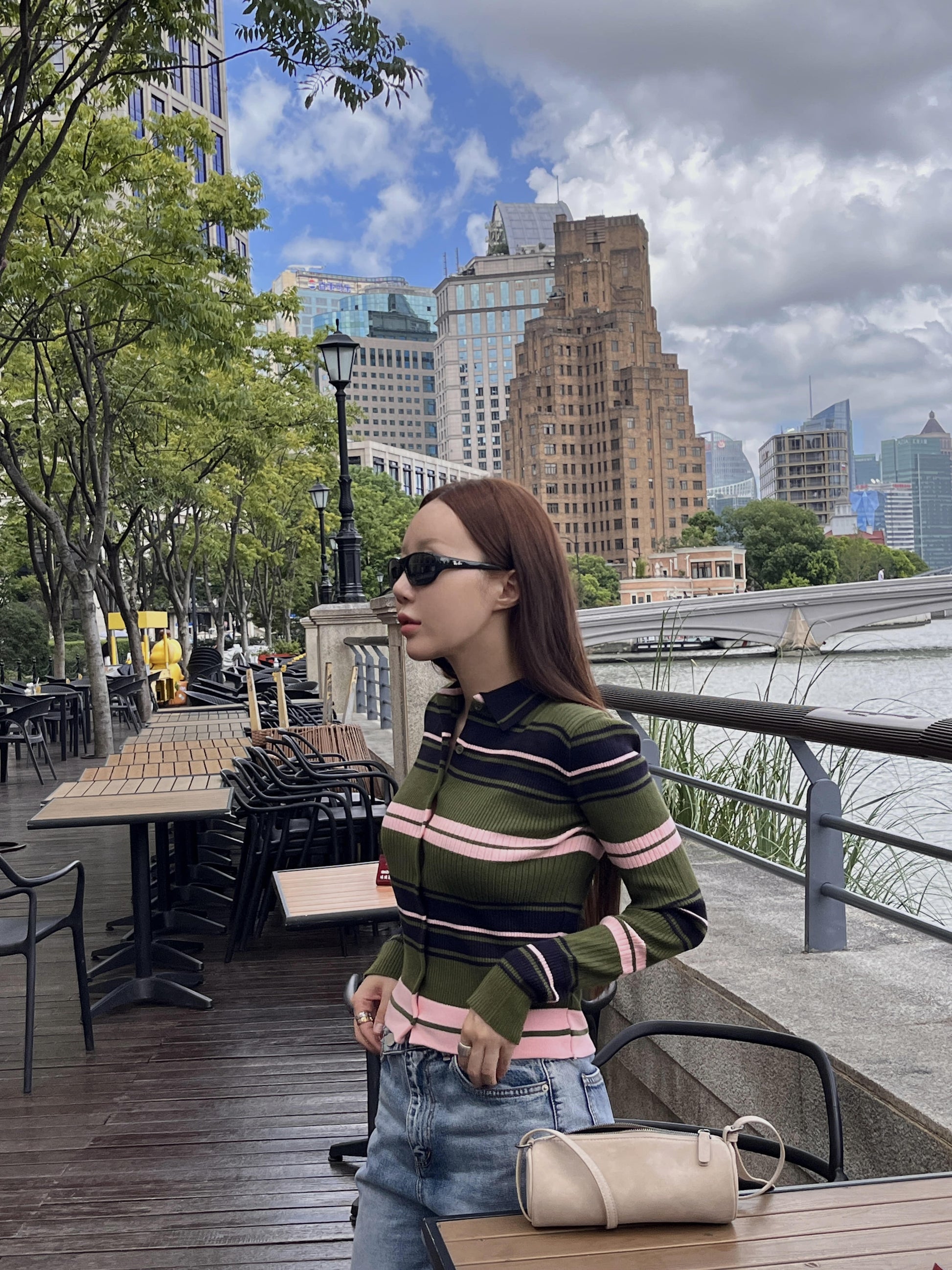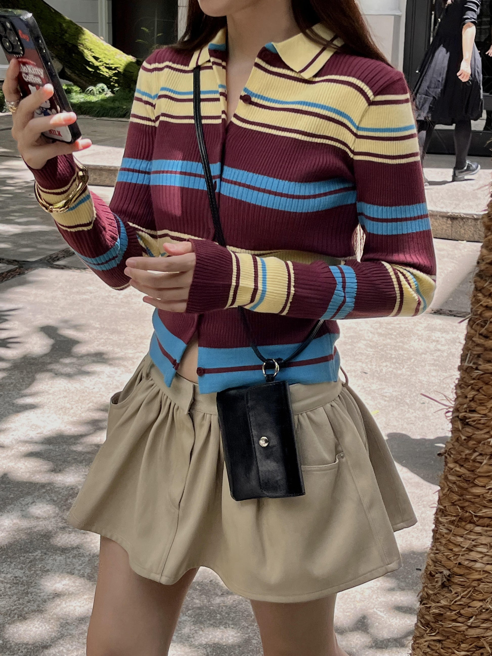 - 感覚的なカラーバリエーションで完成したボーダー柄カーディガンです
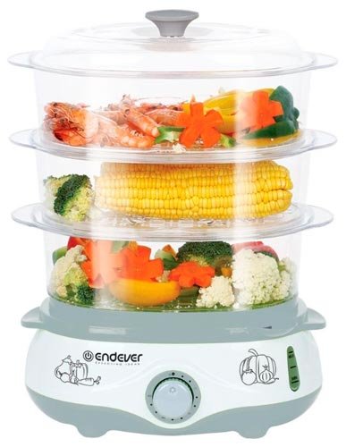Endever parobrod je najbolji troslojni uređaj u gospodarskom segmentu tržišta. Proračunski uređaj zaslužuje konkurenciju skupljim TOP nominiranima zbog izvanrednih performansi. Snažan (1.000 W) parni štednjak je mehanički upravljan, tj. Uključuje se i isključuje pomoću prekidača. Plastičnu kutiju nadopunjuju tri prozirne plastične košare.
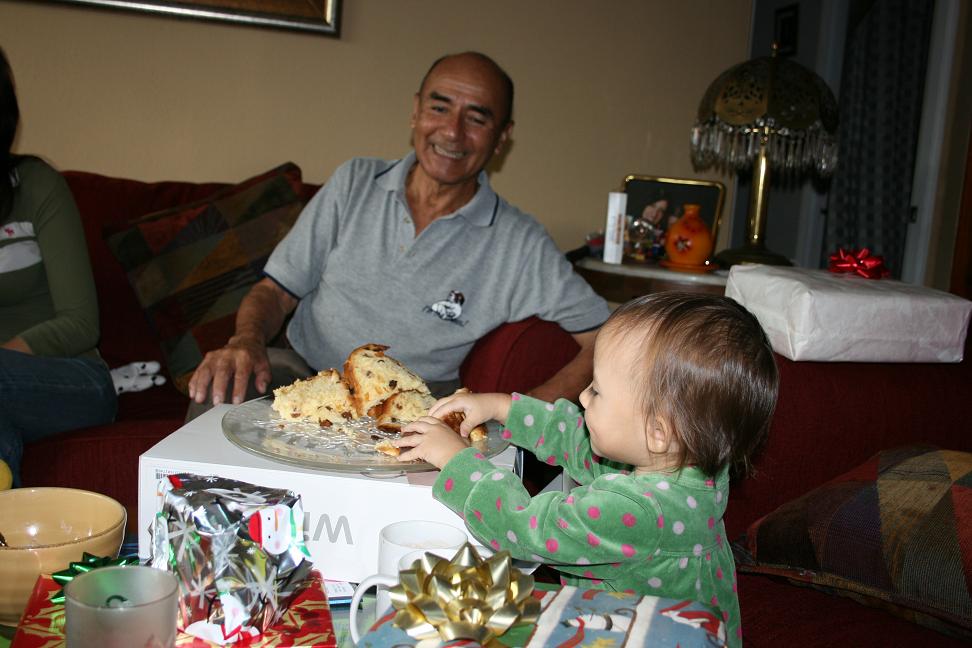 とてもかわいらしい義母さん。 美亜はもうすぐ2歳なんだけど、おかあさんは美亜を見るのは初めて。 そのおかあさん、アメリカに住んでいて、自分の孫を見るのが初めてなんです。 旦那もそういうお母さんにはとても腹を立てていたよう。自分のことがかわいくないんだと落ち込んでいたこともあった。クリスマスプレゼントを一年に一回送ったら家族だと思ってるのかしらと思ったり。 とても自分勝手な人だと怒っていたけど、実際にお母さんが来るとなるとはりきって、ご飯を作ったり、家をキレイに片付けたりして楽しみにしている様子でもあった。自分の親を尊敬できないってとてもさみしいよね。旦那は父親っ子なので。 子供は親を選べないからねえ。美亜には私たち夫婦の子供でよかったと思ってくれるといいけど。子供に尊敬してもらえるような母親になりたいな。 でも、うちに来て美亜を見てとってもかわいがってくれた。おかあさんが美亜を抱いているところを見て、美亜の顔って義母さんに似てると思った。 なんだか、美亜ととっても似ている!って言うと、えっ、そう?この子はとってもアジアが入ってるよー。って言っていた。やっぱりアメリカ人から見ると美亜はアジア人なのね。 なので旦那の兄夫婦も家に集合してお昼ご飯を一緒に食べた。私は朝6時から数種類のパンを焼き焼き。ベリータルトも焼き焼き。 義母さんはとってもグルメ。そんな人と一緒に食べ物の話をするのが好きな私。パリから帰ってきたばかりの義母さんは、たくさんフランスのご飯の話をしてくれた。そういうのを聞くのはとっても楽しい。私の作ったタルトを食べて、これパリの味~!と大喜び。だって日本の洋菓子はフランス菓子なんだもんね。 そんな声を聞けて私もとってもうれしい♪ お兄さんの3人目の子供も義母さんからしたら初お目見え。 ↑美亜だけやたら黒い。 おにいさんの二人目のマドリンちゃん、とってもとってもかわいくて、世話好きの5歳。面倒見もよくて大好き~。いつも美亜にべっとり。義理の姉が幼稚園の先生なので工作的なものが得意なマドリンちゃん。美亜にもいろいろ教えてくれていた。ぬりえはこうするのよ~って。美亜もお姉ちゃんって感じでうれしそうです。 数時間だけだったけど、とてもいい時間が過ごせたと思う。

==================================================

● **Aim of the exercise**:
Everything in the material except the pictures should be restated word for word.

● **Task result**:
 - 感覚的なカラーバリエーションで完成したボーダー柄カーディガンです
Endever parobrod je najbolji troslojni uređaj u gospodarskom segmentu tržišta. Proračunski uređaj zaslužuje konkurenciju skupljim TOP nominiranima zbog izvanrednih performansi. Snažan (1.000 W) parni štednjak je mehanički upravljan, tj. Uključuje se i isključuje pomoću prekidača. Plastičnu kutiju nadopunjuju tri prozirne plastične košare.
 とてもかわいらしい義母さん。 美亜はもうすぐ2歳なんだけど、おかあさんは美亜を見るのは初めて。 そのおかあさん、アメリカに住んでいて、自分の孫を見るのが初めてなんです。 旦那もそういうお母さんにはとても腹を立てていたよう。自分のことがかわいくないんだと落ち込んでいたこともあった。クリスマスプレゼントを一年に一回送ったら家族だと思ってるのかしらと思ったり。 とても自分勝手な人だと怒っていたけど、実際にお母さんが来るとなるとはりきって、ご飯を作ったり、家をキレイに片付けたりして楽しみにしている様子でもあった。自分の親を尊敬できないってとてもさみしいよね。旦那は父親っ子なので。 子供は親を選べないからねえ。美亜には私たち夫婦の子供でよかったと思ってくれるといいけど。子供に尊敬してもらえるような母親になりたいな。 でも、うちに来て美亜を見てとってもかわいがってくれた。おかあさんが美亜を抱いているところを見て、美亜の顔って義母さんに似てると思った。 なんだか、美亜ととっても似ている!って言うと、えっ、そう?この子はとってもアジアが入ってるよー。って言っていた。やっぱりアメリカ人から見ると美亜はアジア人なのね。 なので旦那の兄夫婦も家に集合してお昼ご飯を一緒に食べた。私は朝6時から数種類のパンを焼き焼き。ベリータルトも焼き焼き。 義母さんはとってもグルメ。そんな人と一緒に食べ物の話をするのが好きな私。パリから帰ってきたばかりの義母さんは、たくさんフランスのご飯の話をしてくれた。そういうのを聞くのはとっても楽しい。私の作ったタルトを食べて、これパリの味~!と大喜び。だって日本の洋菓子はフランス菓子なんだもんね。 そんな声を聞けて私もとってもうれしい♪ お兄さんの3人目の子供も義母さんからしたら初お目見え。 ↑美亜だけやたら黒い。 おにいさんの二人目のマドリンちゃん、とってもとってもかわいくて、世話好きの5歳。面倒見もよくて大好き~。いつも美亜にべっとり。義理の姉が幼稚園の先生なので工作的なものが得意なマドリンちゃん。美亜にもいろいろ教えてくれていた。ぬりえはこうするのよ~って。美亜もお姉ちゃんって感じでうれしそうです。 数時間だけだったけど、とてもいい時間が過ごせたと思う。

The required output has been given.